- [Problem to work on]:
Set down the data again exactly. Pictures are not part of the copy.

- [Supplied data]:
• • • • •
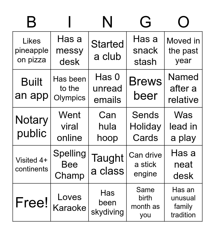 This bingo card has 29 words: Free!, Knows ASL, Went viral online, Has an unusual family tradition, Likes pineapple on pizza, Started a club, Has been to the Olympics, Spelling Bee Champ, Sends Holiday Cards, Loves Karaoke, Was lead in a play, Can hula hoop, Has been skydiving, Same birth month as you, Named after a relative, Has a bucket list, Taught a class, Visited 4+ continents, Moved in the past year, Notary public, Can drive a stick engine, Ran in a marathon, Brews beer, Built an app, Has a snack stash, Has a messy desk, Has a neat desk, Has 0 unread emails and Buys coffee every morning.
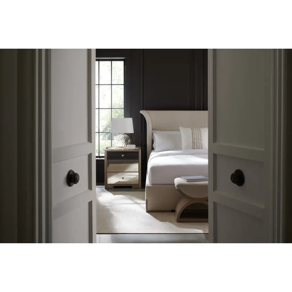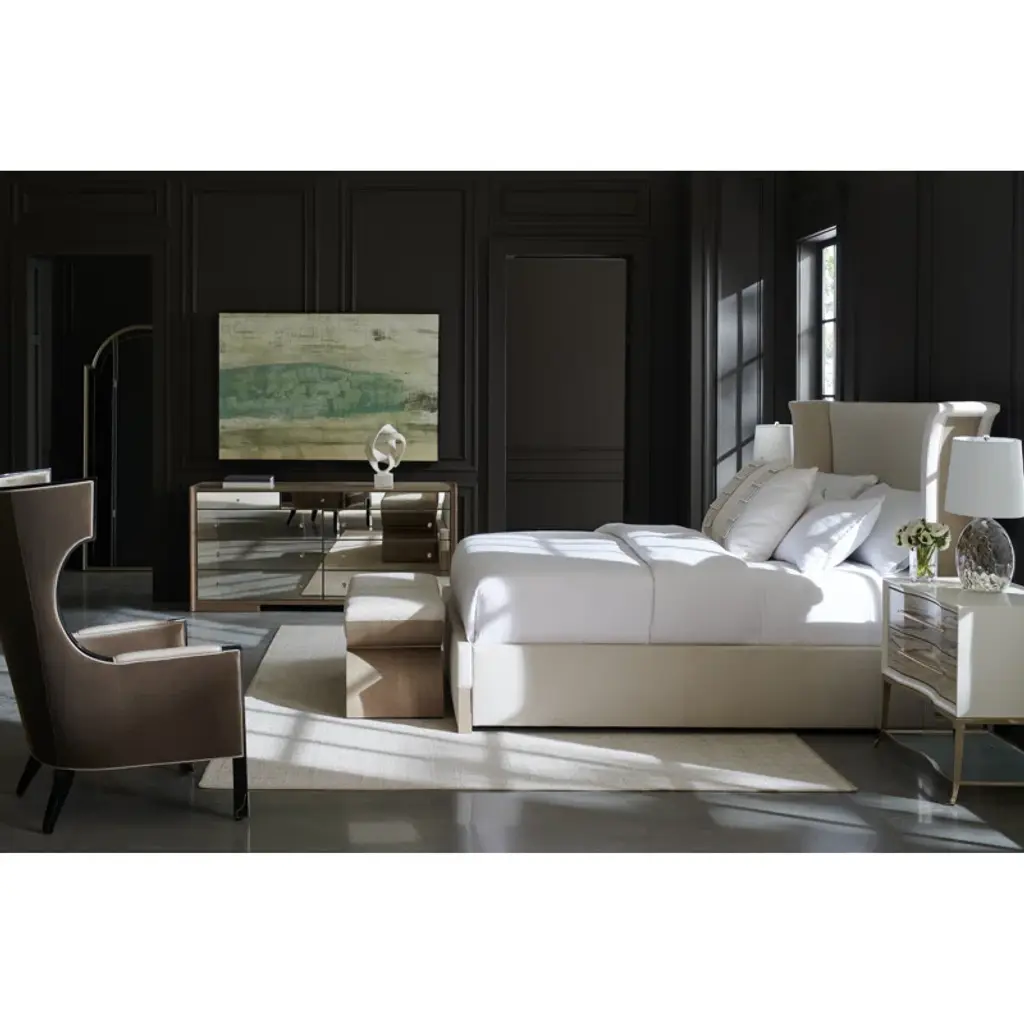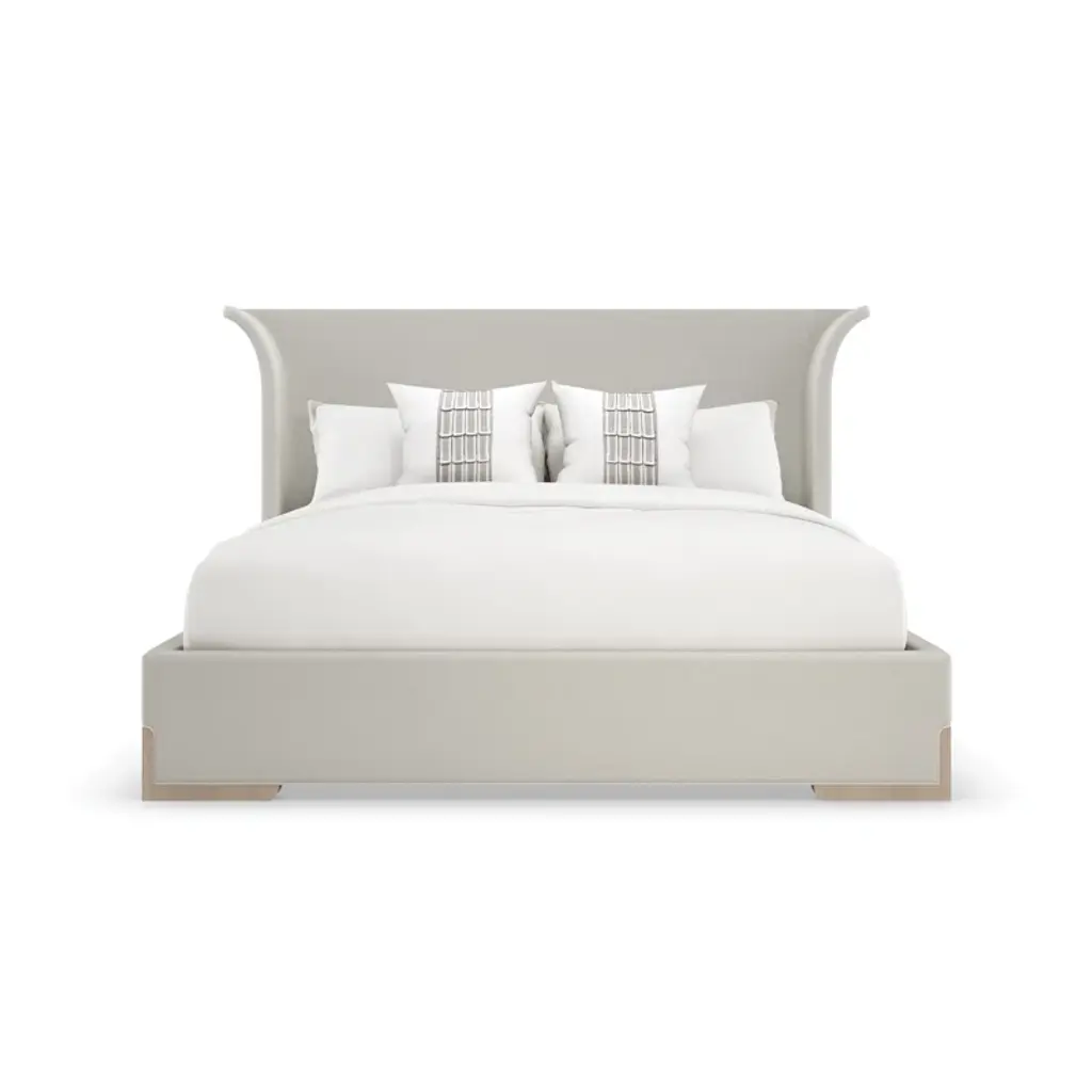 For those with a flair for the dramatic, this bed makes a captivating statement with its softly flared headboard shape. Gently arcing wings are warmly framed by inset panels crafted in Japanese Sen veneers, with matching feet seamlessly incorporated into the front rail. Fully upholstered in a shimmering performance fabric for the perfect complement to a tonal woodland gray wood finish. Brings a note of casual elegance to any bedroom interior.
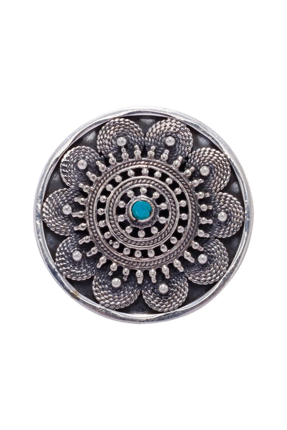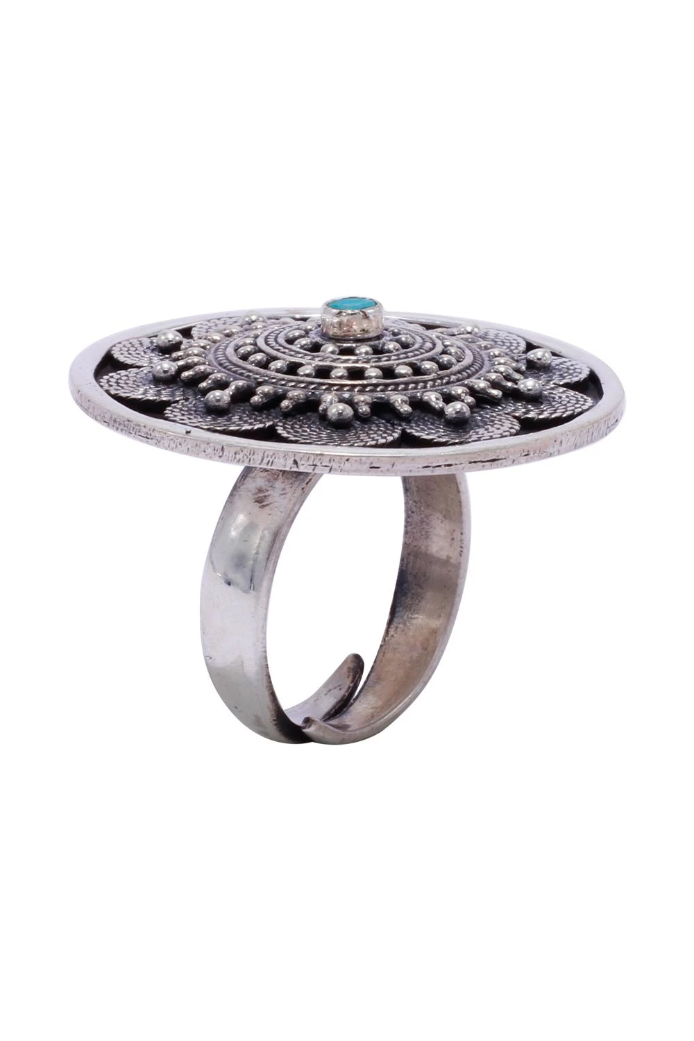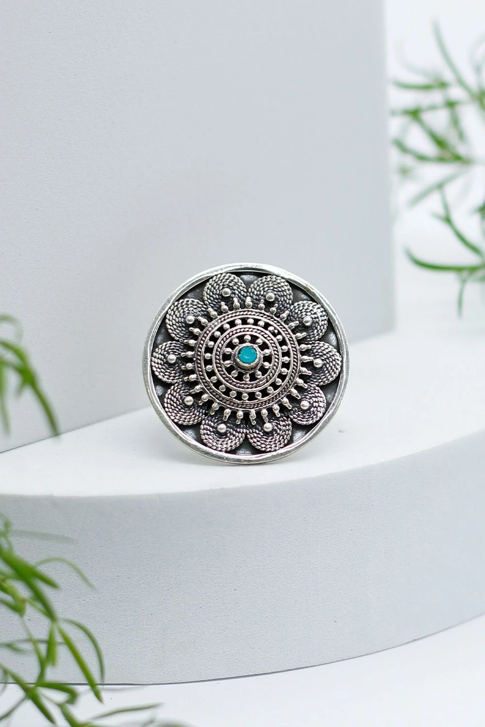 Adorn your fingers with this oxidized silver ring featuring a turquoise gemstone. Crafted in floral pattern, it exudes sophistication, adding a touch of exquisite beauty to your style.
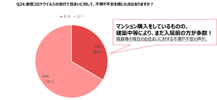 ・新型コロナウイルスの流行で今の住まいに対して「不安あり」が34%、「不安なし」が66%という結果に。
• • • • •
- [Result of the task]:
 This bingo card has 29 words: Free!, Knows ASL, Went viral online, Has an unusual family tradition, Likes pineapple on pizza, Started a club, Has been to the Olympics, Spelling Bee Champ, Sends Holiday Cards, Loves Karaoke, Was lead in a play, Can hula hoop, Has been skydiving, Same birth month as you, Named after a relative, Has a bucket list, Taught a class, Visited 4+ continents, Moved in the past year, Notary public, Can drive a stick engine, Ran in a marathon, Brews beer, Built an app, Has a snack stash, Has a messy desk, Has a neat desk, Has 0 unread emails and Buys coffee every morning.
 For those with a flair for the dramatic, this bed makes a captivating statement with its softly flared headboard shape. Gently arcing wings are warmly framed by inset panels crafted in Japanese Sen veneers, with matching feet seamlessly incorporated into the front rail. Fully upholstered in a shimmering performance fabric for the perfect complement to a tonal woodland gray wood finish. Brings a note of casual elegance to any bedroom interior.
 Adorn your fingers with this oxidized silver ring featuring a turquoise gemstone. Crafted in floral pattern, it exudes sophistication, adding a touch of exquisite beauty to your style.
 ・新型コロナウイルスの流行で今の住まいに対して「不安あり」が34%、「不安なし」が66%という結果に。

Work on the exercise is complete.